--- DATASET RECORDS ---
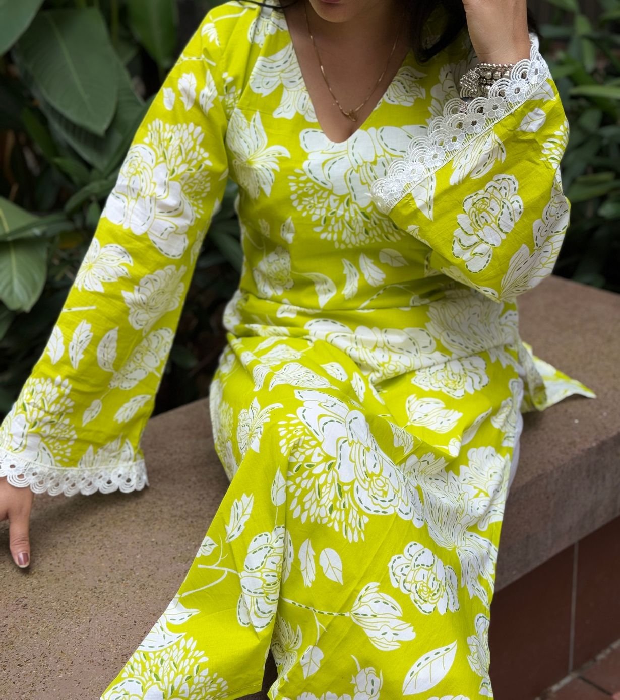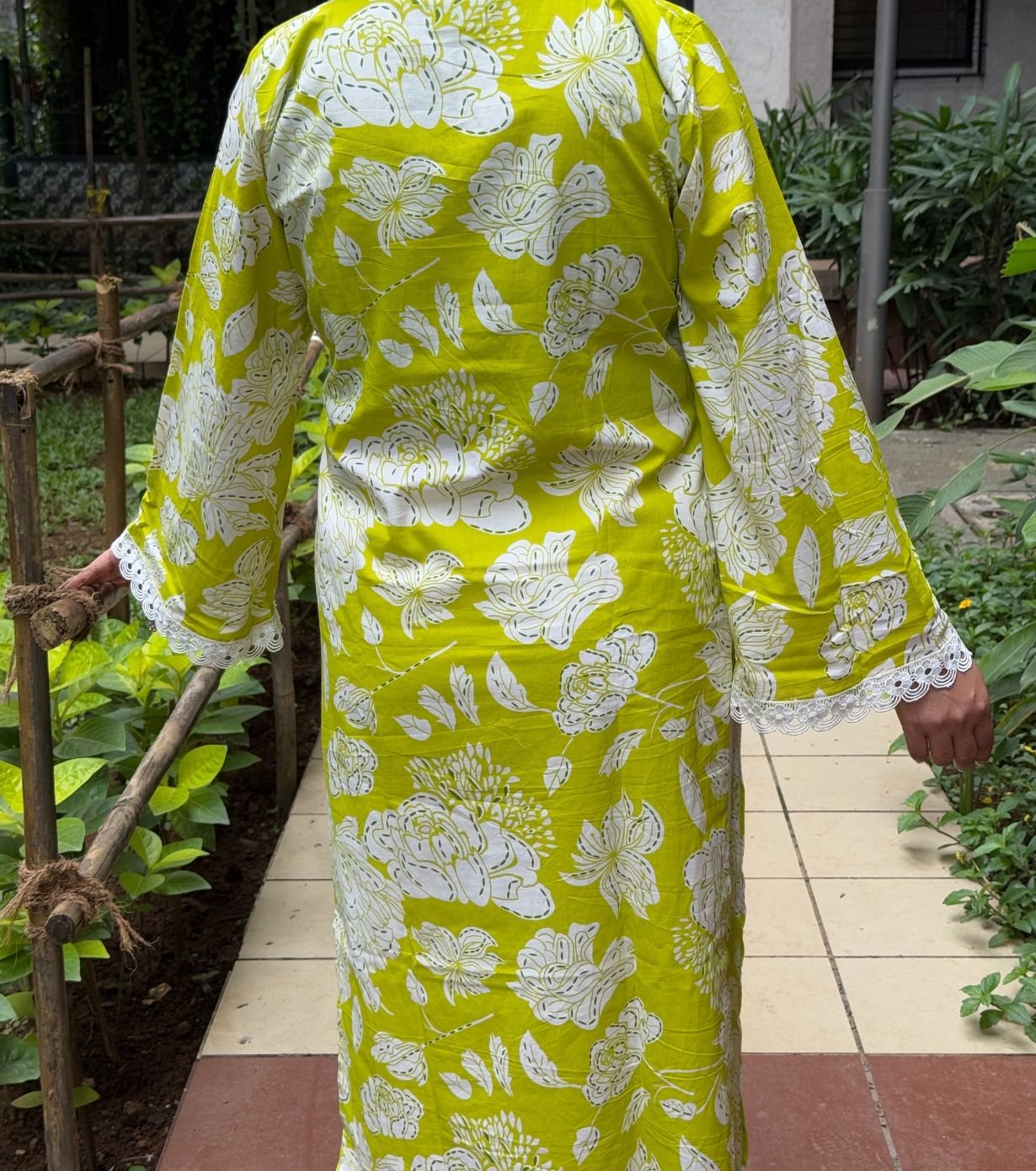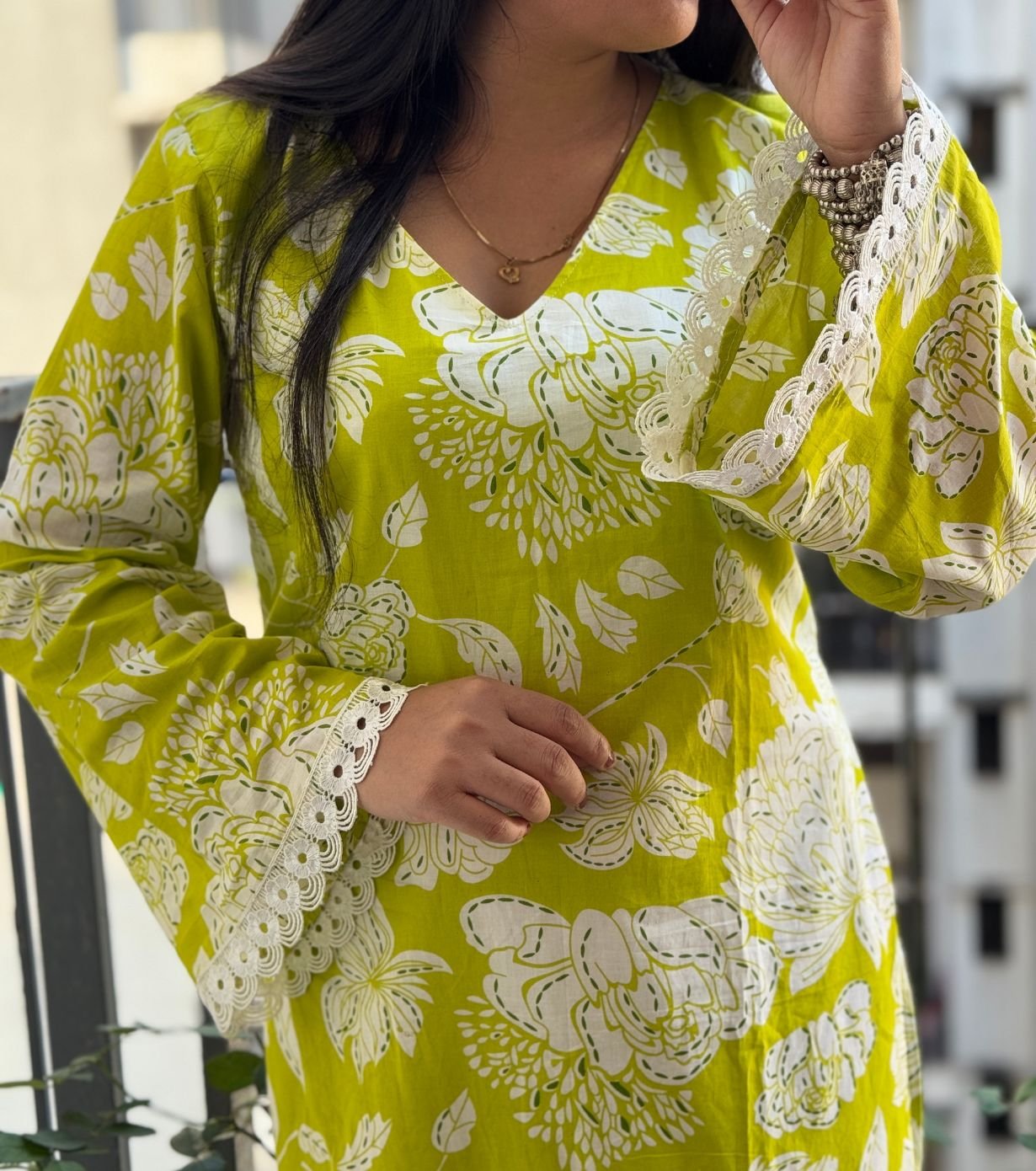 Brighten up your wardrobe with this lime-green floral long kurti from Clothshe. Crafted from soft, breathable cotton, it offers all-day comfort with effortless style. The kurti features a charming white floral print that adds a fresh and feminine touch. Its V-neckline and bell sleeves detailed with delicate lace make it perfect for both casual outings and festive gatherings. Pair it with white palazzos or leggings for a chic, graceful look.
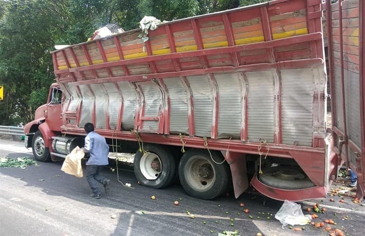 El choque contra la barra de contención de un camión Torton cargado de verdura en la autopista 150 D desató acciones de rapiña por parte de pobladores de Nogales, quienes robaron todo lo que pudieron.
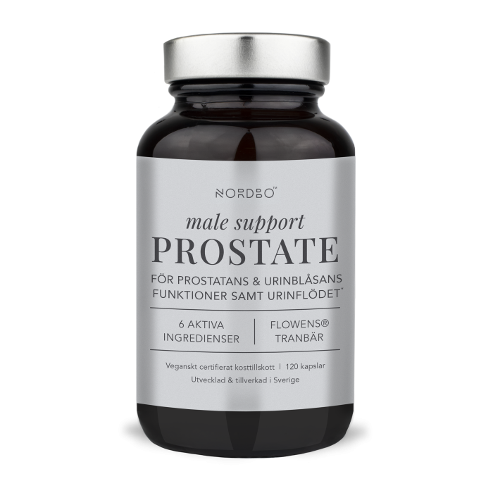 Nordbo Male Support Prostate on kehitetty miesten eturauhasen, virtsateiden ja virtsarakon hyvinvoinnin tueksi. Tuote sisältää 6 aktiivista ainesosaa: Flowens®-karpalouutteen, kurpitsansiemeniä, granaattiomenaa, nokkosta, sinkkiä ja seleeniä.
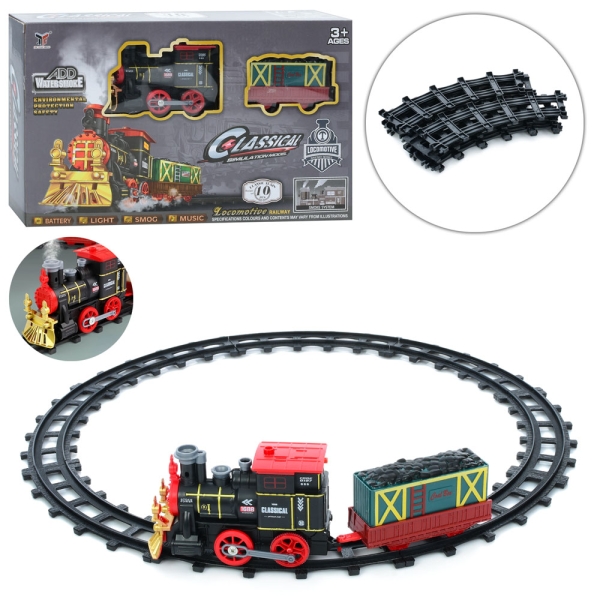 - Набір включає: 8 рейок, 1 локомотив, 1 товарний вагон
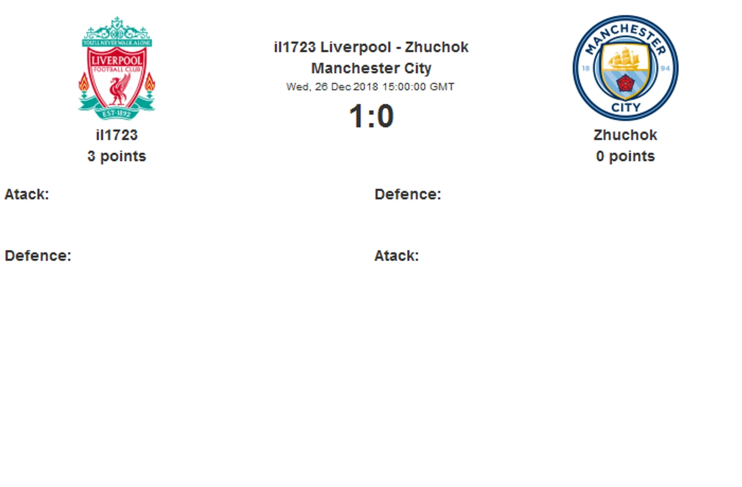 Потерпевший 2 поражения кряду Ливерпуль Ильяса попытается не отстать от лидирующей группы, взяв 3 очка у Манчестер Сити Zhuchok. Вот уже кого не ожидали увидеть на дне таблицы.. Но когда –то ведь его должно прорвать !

--- ASSIGNMENT ---
No pictures should appear in the answer, which is to be the lines from the line with "- Набір включає: 8" through the end of the records above, restated exactly.

--- RESULT OF THE EXERCISE ---
 - Набір включає: 8 рейок, 1 локомотив, 1 товарний вагон
 Потерпевший 2 поражения кряду Ливерпуль Ильяса попытается не отстать от лидирующей группы, взяв 3 очка у Манчестер Сити Zhuchok. Вот уже кого не ожидали увидеть на дне таблицы.. Но когда –то ведь его должно прорвать !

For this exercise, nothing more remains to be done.